HEROLD PINPOINTS RESERVES REPLACEMENT COST
Reserves replacement cost at an average of $5/bbl or less may be about the best industry can do, says a spokesman for John S. Herold Inc., Greenwich, Conn.
Herold's annual reserve replacement cost analysis (OGJ, June 10, Newsletter) assesses the finding cost performance of a group of 76 companies representing 47.1 billion bbl of proved oil reserves and 228 tcf of gas reserves.
Key results of the analysis include:
- Worldwide replacement costs reported by the group fell 4% to $4.35/bbl of oil equivalent (BOE) in 1990, compared with the previous year. U.S. costs were little changed at $4.99/BOE. Outside the U.S., costs dropped 8% to less than $4/BOE.

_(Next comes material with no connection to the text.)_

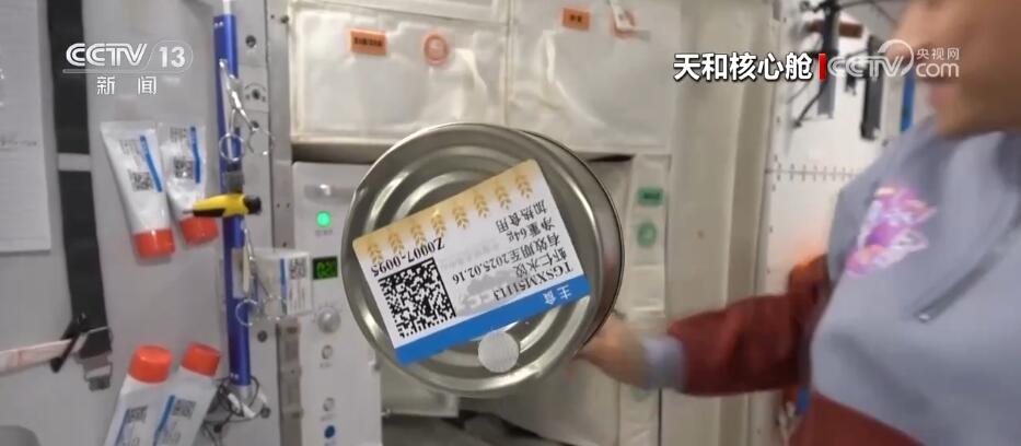 航天員 江新林:我是今天的太空美食家,讓我?guī)ьI(lǐng)大家一起來探索發(fā)現(xiàn)今天的太空美食。我們先看一下主食,熱乎乎的,看看里面都有什么吧,有01最愛吃的白米飯,小心燙哦,02愛吃的面條,我的炒飯。好了,把它粘在餐桌上。然后再讓我們看看我為他們準(zhǔn)備的驚喜??纯催@是什么?這是我們冬至特意結(jié)余的餃子,還有蔬菜副食。地面上的工作人員考慮得特別周到,按照個(gè)人的口味為我們準(zhǔn)備了美味的食品,而且將它們塑封包裝,給我們節(jié)余時(shí)間的時(shí)候又保證它的口味。這是網(wǎng)紅太空香粽,大家印象比較深刻吧,還有這個(gè)年糕也是特別好吃、特別美味,還有紅燴豬排,保證有足夠的蛋白質(zhì)攝入量。很豐盛。請看這里,我們特意留了一些新鮮的水果,看看都有什么吧,有美味的蘋果,還有葡萄,大家這個(gè)都特別愛吃,我們?nèi)齻€(gè)在一起分享一下。

- Upstream spending by the group increased 13% worldwide compared with 1989, totaling $45.3 billion.
- Additions to reserves booked by the group were 6.1 billion bbl of oil and 26.1 tcf of gas.

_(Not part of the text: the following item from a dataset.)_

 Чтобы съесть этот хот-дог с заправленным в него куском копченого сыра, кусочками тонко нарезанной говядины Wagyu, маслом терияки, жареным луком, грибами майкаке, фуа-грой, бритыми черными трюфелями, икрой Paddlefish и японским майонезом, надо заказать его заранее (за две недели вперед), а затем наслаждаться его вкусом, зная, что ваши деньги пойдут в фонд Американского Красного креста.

Spending for exploration, development, and property acquisitions-proved and unproved-is used to calculate the finding cost.
COST TRENDS
Finding costs are the key to successful performance, says a Herold spokesman.

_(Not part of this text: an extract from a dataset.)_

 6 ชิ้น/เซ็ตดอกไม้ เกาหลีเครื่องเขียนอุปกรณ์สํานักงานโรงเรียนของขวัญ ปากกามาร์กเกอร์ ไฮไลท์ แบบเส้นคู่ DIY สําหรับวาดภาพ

And during the past 10 years, the replacement cost trend "demonstrates a progressive improvement in industry's ability to replace reserves at lower cost."
A series of 3 year worldwide replacement cost shows a drop from $8.81 /BOE 198082 to $4.32/BOE for 1987-89. The 1988-90 period was slightly higher at $4.53/BOE.
The study also calculates a 5 year total. For 1986-90 worldwide reserve replacement cost was $4.49/BOE.
In the U.S., the average reserve replacement cost in 1990 for the group studied reached a 17 year low, adjusted for inflation, at $4.99/BOE. U.S. reserve replacement costs in 1990 dollars stood at $3.80/BOE in 1973 and climbed to $17/BOE in 1990 dollars in the early 1980s.
One year costs can be skewed by a major discovery, a major acquisition, or an especially expensive drilling program. That's why 3 year and 5 year periods are used.
CAPITAL SPENDING
The Herold study shows a continued flow of upstream capital out of the U.S. For the third year in a row, non-U.S. spending exceeded U.S. spending, and there appears to be no sign that this trend will reverse.
In 1990, the group studied by Herold spent 57% of its funds outside the U.S., and 62% of the reserves found were outside the U.S.
Herold expects 1991 upstream capital spending to be less than companies budgeted earlier in the year, especially in the U.S. Drilling activity there is below 1990 levels, due in part to weak natural gas prices.
But companies will continue to spend to develop large projects that will contribute reserves in the mid-1990s and beyond, Herold said.